One of the reasons that people use sea salt (and sea vegetables) is that it contains naturally occurring Iodine. Iodine is critical for metabolic function and nerve development in humans. In the UK, table salt does not have Iodine added to it, so sea salts can make up some of the difference. Although consumption of seaweeds is slowly rising, most of the population are still strangers to it. Rising numbers of people avoiding fish and are then denied a rich source of this essential mineral. Although it is widely known that sea salt naturally contains Iodine, and I have to give credit where credit is due, 3g of Himalayan Salt contains maybe 250mcg of Iodine which is a solid contribution to daily consumption.

 

The Plastic Crisis

An issue regarding anything plucked from the sea nowadays is nanoplastics – tiny pieces of degraded plastic which are now everywhere from the air to the deepest ocean trench. We are still discovering the implications of living with nanoplastics, but the emerging research is unveiling something of a biological hellscape. A study published in May 2024, by Chinese and British researchers, estimated that ‘an average person could be ingesting as many as 6 million nanoplastics per year through the consumption of sea salt alone’. Whilst it may be possible to filter sea water to remove these nanoplastics in the future it is not practical right now.

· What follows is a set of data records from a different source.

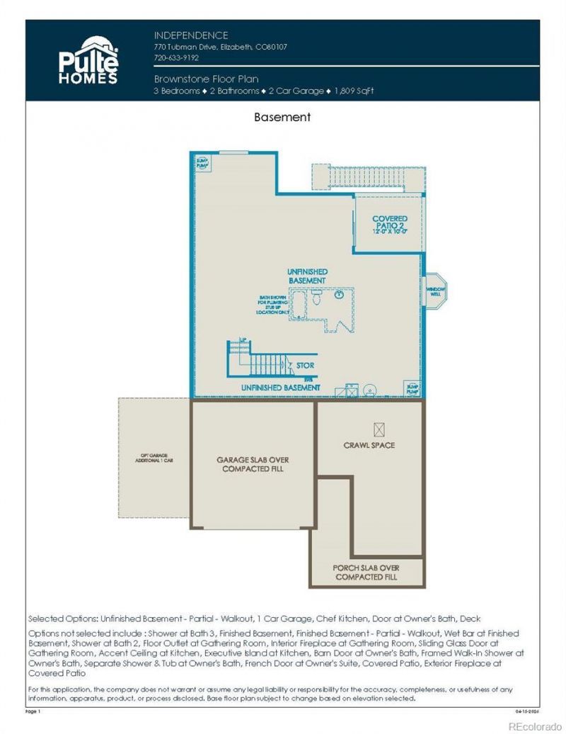 We are proud to present this lovely Pulte Homes ranch style in the beautiful Independence neighborhood! This is a stunning suburban area with ample green space & gentle rolling hills of Elizabeth. The Brownstone plan on this walkout lot offers main floor living at its finest! This NEW BUILD home offers an open floor plan with exceptional finishes throughout. Main level primary bedroom with 2 spacious secondary bedrooms! Gathering Room is pouring with natural light from the east while the Chefs kitchen features beautiful cabinets, Stainless Steel appliances, gas cooktop, and hood. Main floor laundry offers great convenience! Great curb appeal with comfortable 3-car garage and charming front porch. Front landscaping is included. Enjoy a private backyard ready for personalization post-close! Everything is NEW, enjoy our Complete builder home warranty that brings your tremendous peace of mind. Partial unfinished basement offers a large open storage room and ample space for future finish if desired. Live close to shopping, dining, outstanding schools, trails & easy access to Denver/DIA. Community offers a pool, clubhouse, ponds, playground, trails throughout this thriving part of town. Dont miss this amazing home in an amazing community! Call or text 303.324.0885 or email Kristin.congleton@pulte.com to schedule a tour or for more information.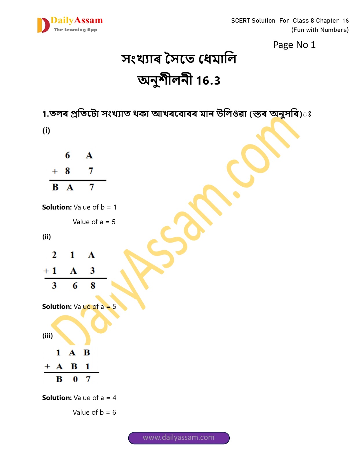 1. তলৰ প্ৰতিটো সংখ্যাত থকা আখৰবোৰৰ মান উলিওৱা (স্তৰ অনুসৰি) ঃ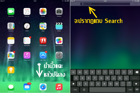 ให้อยู่หน้า Home Screen แล้วนำนิ้วมาแตะที่จอว่างๆแล้วปัดลง จะขึ้นแถบ Search ด้านบนแบบนี้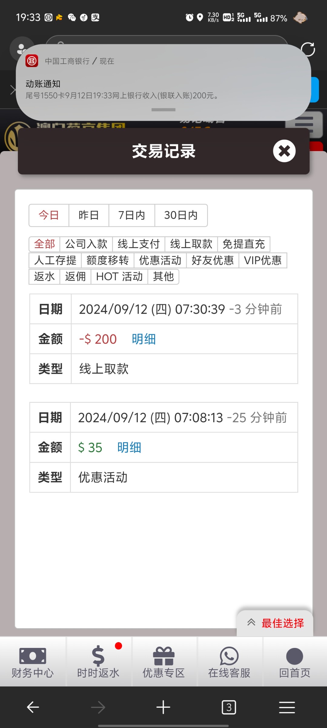 水个鸡,首存100送38,麻将最高20倍挂壁,然后再充了100去AG搞回来200提现了,又去客服申请中秋活动给了58最高到95又上不去,然后输完,充200提200,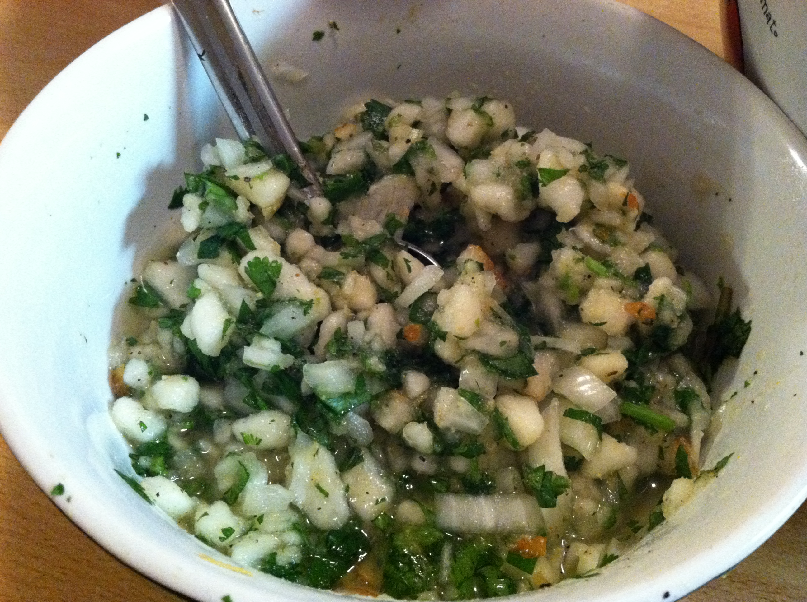 In the pear salsa, I was going to substitute Asian pears for the Bosc, because of the observance, but had no luck finding them.  Had to stick to the darn recipe!!  I didn’t use too much of the (hot) pepper because it can get supper spicy.
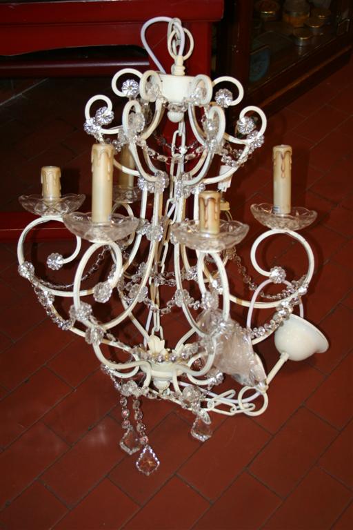 Lampadari a gocce in stile, disponibili bianchi o neri, a 5 e 6 luci. Di nuova produzione.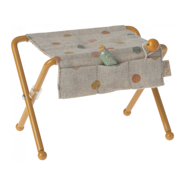 De Maileg Verschoontafel in een warme okergele kleur is de perfecte aanvulling op het Maileg-poppenhuis. Met zijn klassieke ontwerp en zachte stofdetails creëert het een realistische plek om de kleine Maileg-baby’s te verschonen en te verzorgen. Ideaal voor fantasierijk rollenspel waarbij kinderen de dagelijkse zorgmomenten van hun muisjes en konijntjes naspelen.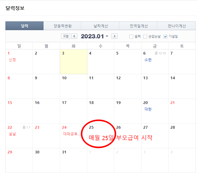 2023년 1월 25일 부터 신청한 계좌로 매월 25일 입금됩니다. 신청이 늦어져서 신청한 달 25일에 받지 못한 경우 다음 달 25일에 미지급분과 같이 부모급여 지급받게 됩니다.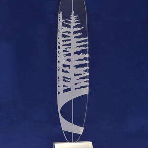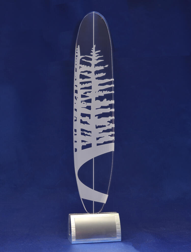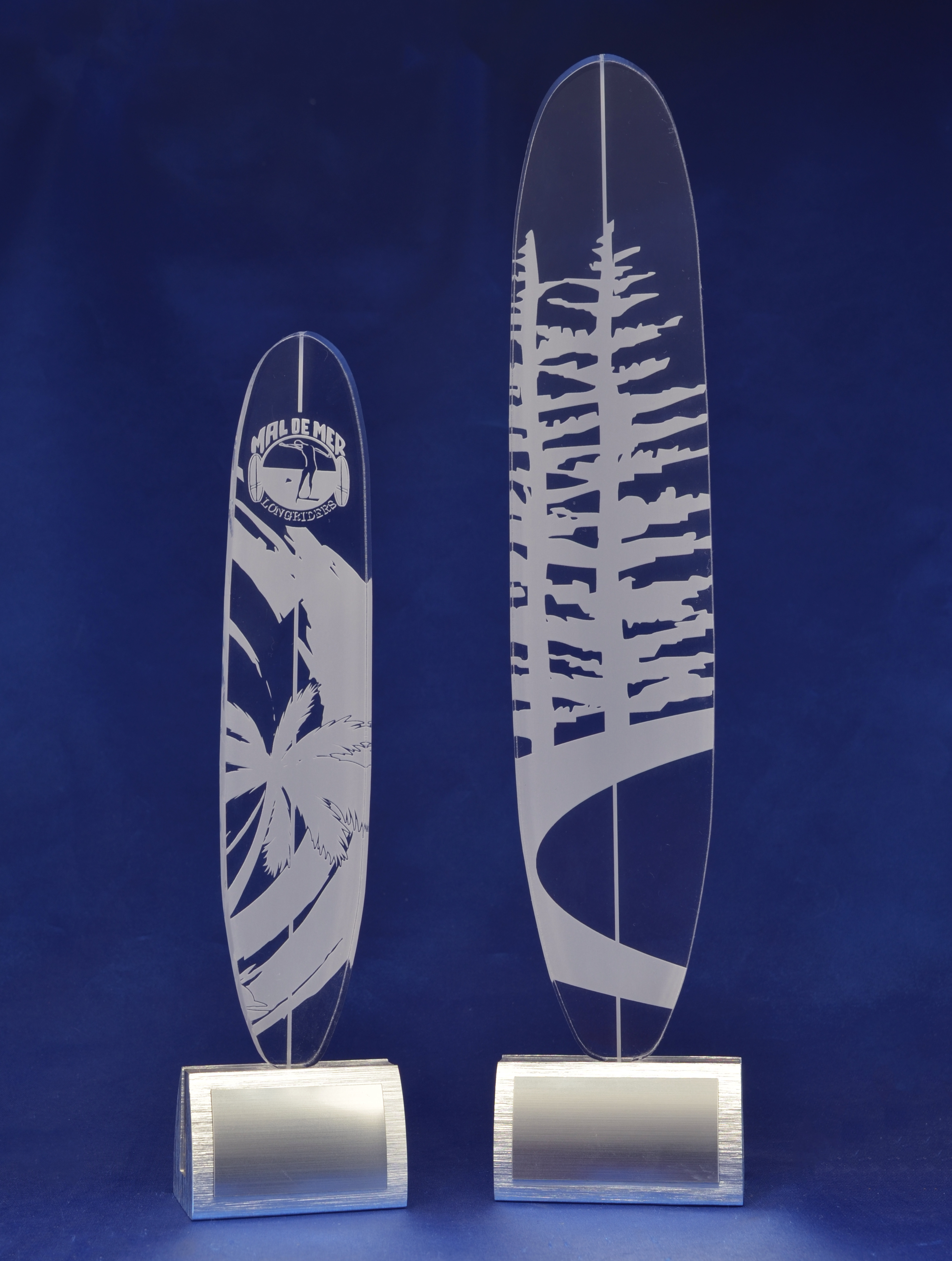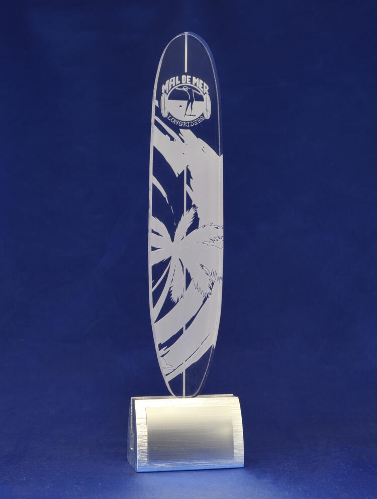 These acrylic longboard trophies combine clean surfboard shapes with detailed wave and palm etching for a modern surf vibe. Mounted on a brushed metal base, theyre available in multiple sizes. Perfect for surf clubs and beach competitions.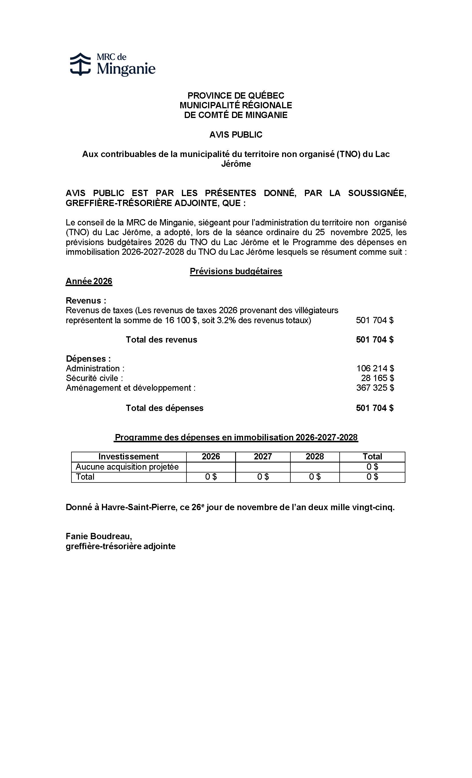 13 novembre 2023 – TNO du Lac Jérôme – Avis informatif sur l’adoption du budget 2023 et 2024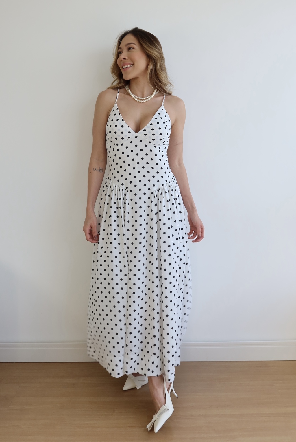 Descubra o charme atemporal do Vestido Helena, uma peça que exala feminilidade com um toque de modernidade. Confeccionado em tecido de alta qualidade, ele traz a clássica estampa de poá, perfeita para criar produções elegantes e românticas.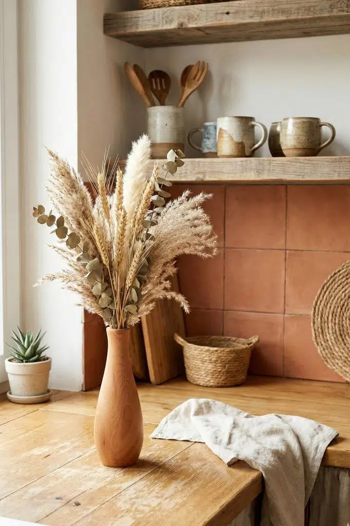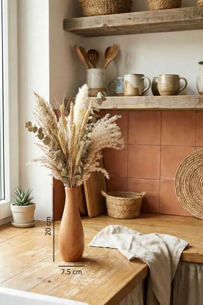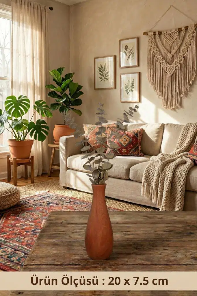 Kullanım Alanı: Konsol, yemek masası, kitaplık veya orta sehpa üzerinde; kurutulmuş pampas, başak, okaliptüs veya yapay çiçeklerle kullanım için idealdir.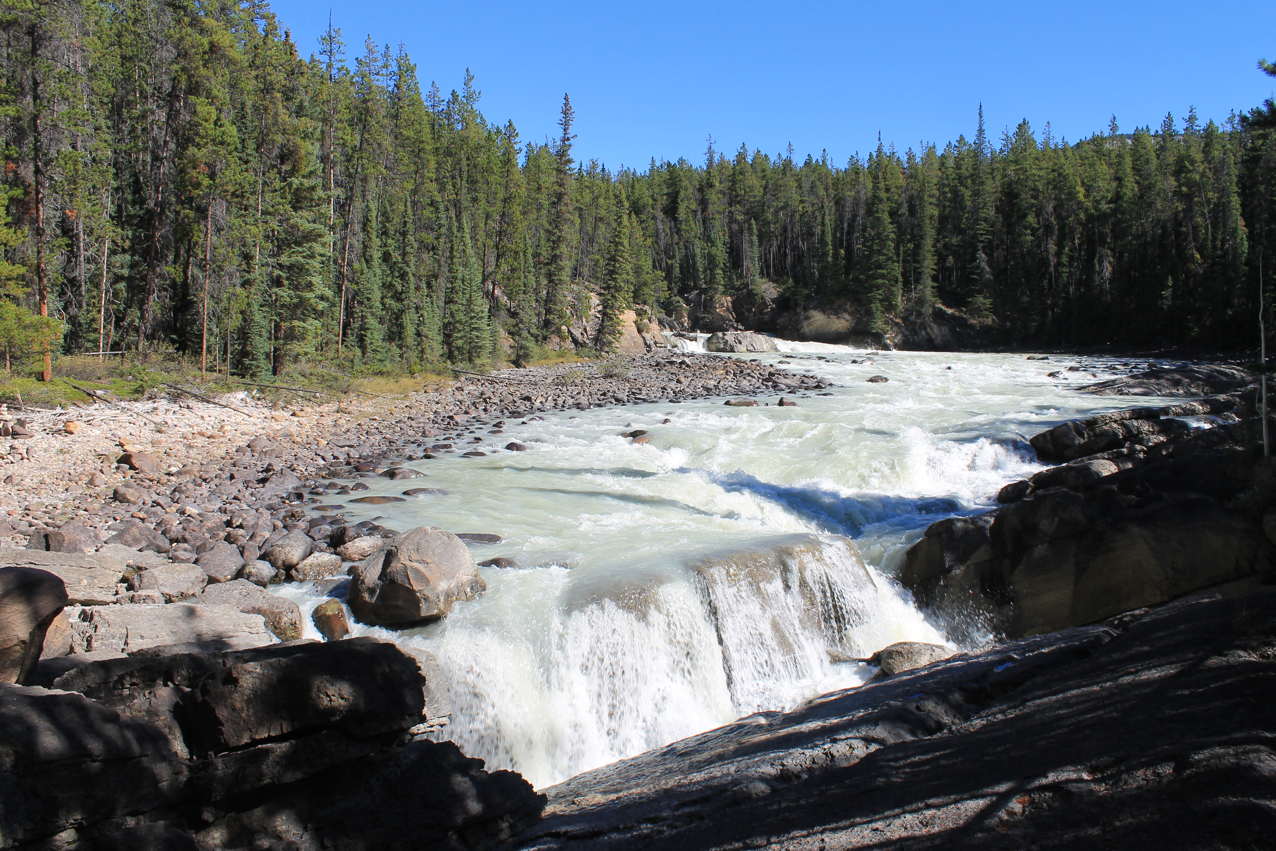 From Jasper heading south, the first major stop was Athabasca Falls. The Athabasca Falls are among the most powerful and breathtaking in the Rocky Mountains. The Athabasca River thunders through a narrow gorge to create the magnificent falls. Parking and restroom facilities, a paved trail and picnic sites are available.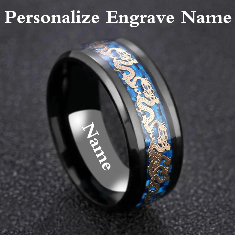 Кольцо SHOUMAN из углеродного волокна с инкрустацией драконом, обручальное кольцо с именем персонализированного имени для женщин и мужчин, модные ювелирные украшения

And, I guess, that is where the ‘fossil salt’ from underground deposits may come in.

 

And After All That – What Salt Do I Use?

It’s a tough one. In the Himalayan vs Celtic prize fight, I think I would come off the fence and give it to Himalayan on points – it’s untainted by microplastics, provably rich in Iodine, and has a low environmental impact when mined. And it looks pretty.

Personally, I am a big fan of Herbamare herbal salt. It packs a lot of flavour with less Sodium overall, but you will have to go with what you think has the best flavour and is the most ethical. And that is a choice only for you.